AIM OF THE EXERCISE
Would you please transcribe the listing exactly, with no images?

DATA SEGMENT
————————

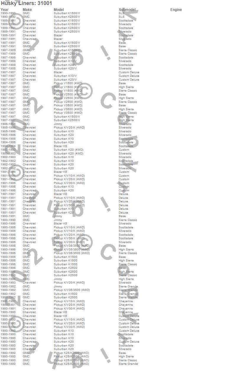 Below is an abbreviated list of applications for the Classic Style Floor Liner.Blazer, Blazer K5, Jimmy, K10 Pickup, K10 Suburban, K1500 Suburban, K20 Pickup, K20 Suburban, K2500 Pickup, K2500 Suburban, K30 Pickup, K3500 Pickup, V10 Suburban, V1500 Pickup, V1500 Suburban, V20 Suburban, V2500 Pickup, V2500 Suburban, V3500 Pickup, Chevrolet
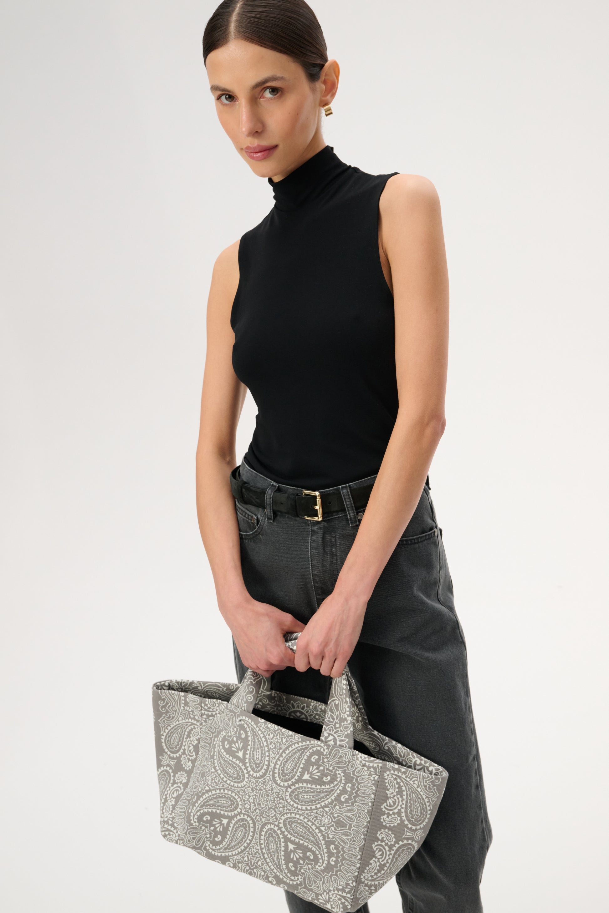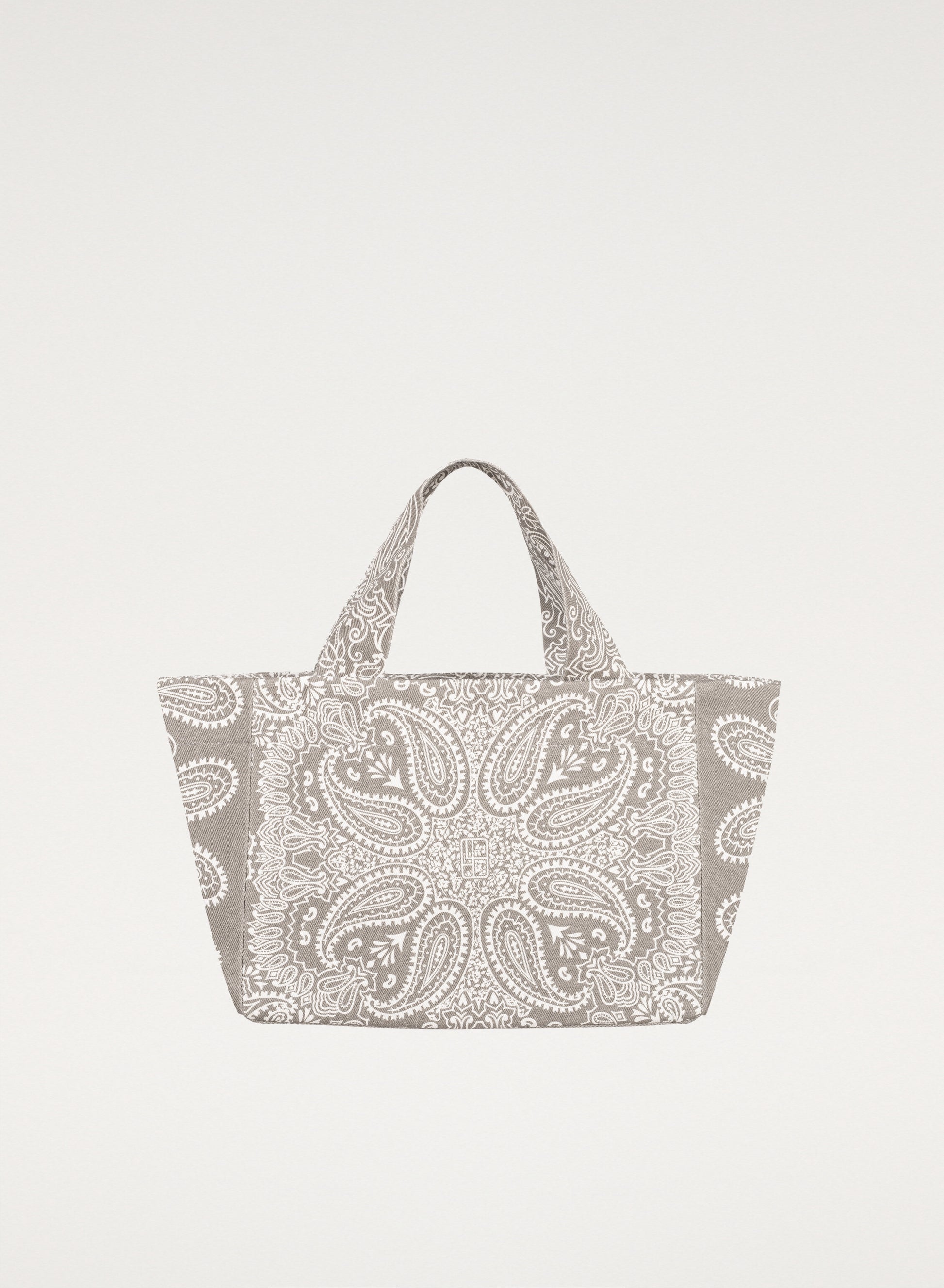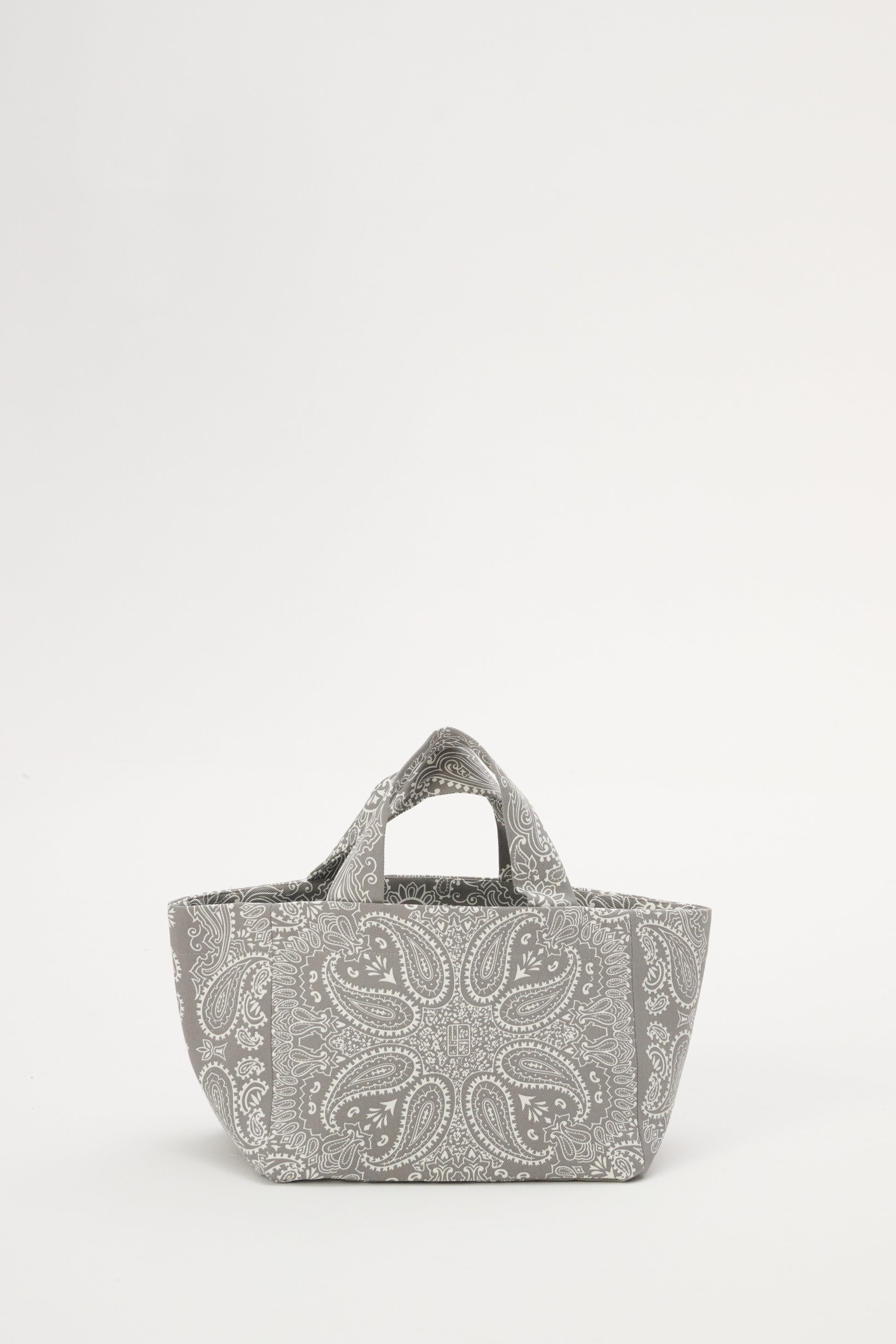 This small mini shopper bag is made of thick cotton canvas with a gray and ecru bandana print. It has no closure and one interior pocket.
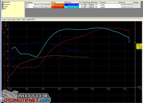 R15 upgrade 60% tanpa bore up bisa tembus 19,5 hp dan itu di dyno di mesin DynoJet 250i yang terkenal “pelit” dalam memberikan hasilnya

————————

TASK RESPONSE
 Below is an abbreviated list of applications for the Classic Style Floor Liner.Blazer, Blazer K5, Jimmy, K10 Pickup, K10 Suburban, K1500 Suburban, K20 Pickup, K20 Suburban, K2500 Pickup, K2500 Suburban, K30 Pickup, K3500 Pickup, V10 Suburban, V1500 Pickup, V1500 Suburban, V20 Suburban, V2500 Pickup, V2500 Suburban, V3500 Pickup, Chevrolet
 This small mini shopper bag is made of thick cotton canvas with a gray and ecru bandana print. It has no closure and one interior pocket.
 R15 upgrade 60% tanpa bore up bisa tembus 19,5 hp dan itu di dyno di mesin DynoJet 250i yang terkenal “pelit” dalam memberikan hasilnya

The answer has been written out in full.